Neste contexto, o novo Código Penal confere uma forte legitimidade para a presença de assistência às vítimas, seja por parte de assistentes sociais, psicólogos ou autoridades de proteção de mulheres e crianças. Isto altera o equilíbrio de poder na sala de interrogatório. As vítimas já não estão sozinhas no seu confronto com o Estado; O estado é obrigado a fornecer um sistema de apoio.

O novo Código Penal também tem um impacto directo na opinião dos juízes e dos serviços responsáveis ​​pela aplicação da lei sobre os crimes cometidos contra mulheres e crianças. O impacto sobre a vítima é agora um fator de condenação obrigatório.

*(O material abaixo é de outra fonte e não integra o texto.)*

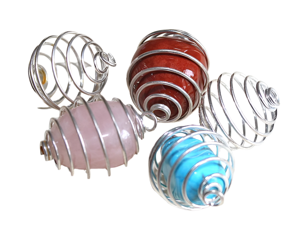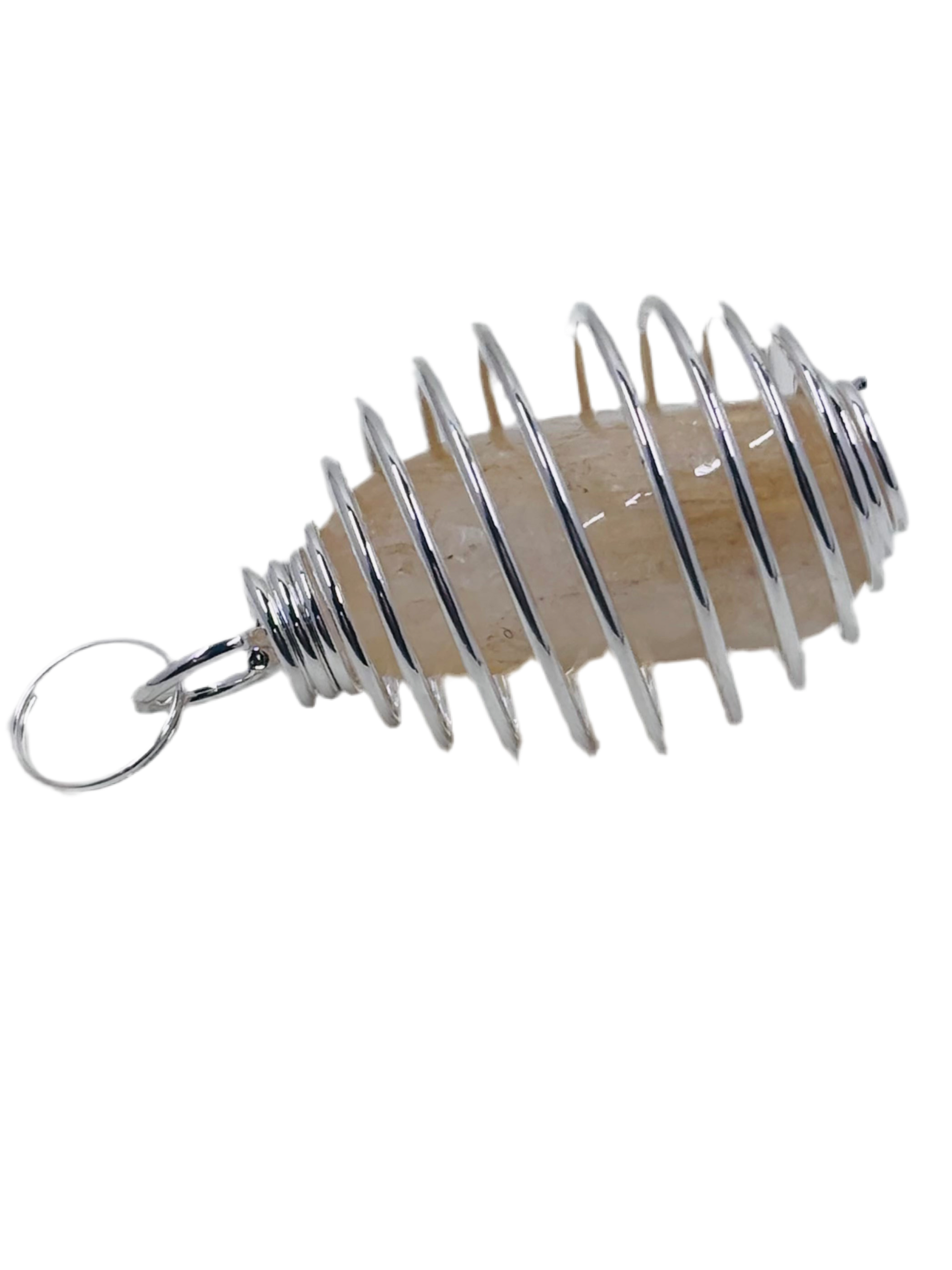 Our silver-plated crystal keepers are perfect for keeping your crystal after your candle is finished. The crystal keeper is a round spiral cage measuring approx. 3.5cm x 2.5cm.

“A violência sexual, a violência baseada nas relações de poder e os crimes contra crianças já não podem ser considerados ‘casos comuns’ simplesmente porque não provocam lesões físicas graves. O sofrimento psicológico da vítima é reconhecido como uma realidade jurídica, e não apenas uma história emocional”, explicou.

Outro lado

Para as crianças vítimas, o novo Código Penal e o novo Código Penal reforçam a linha divisória entre proteção e criminalização. As crianças não devem continuar a ser arrastadas para processos penais apenas para cumprirem as formalidades do caso.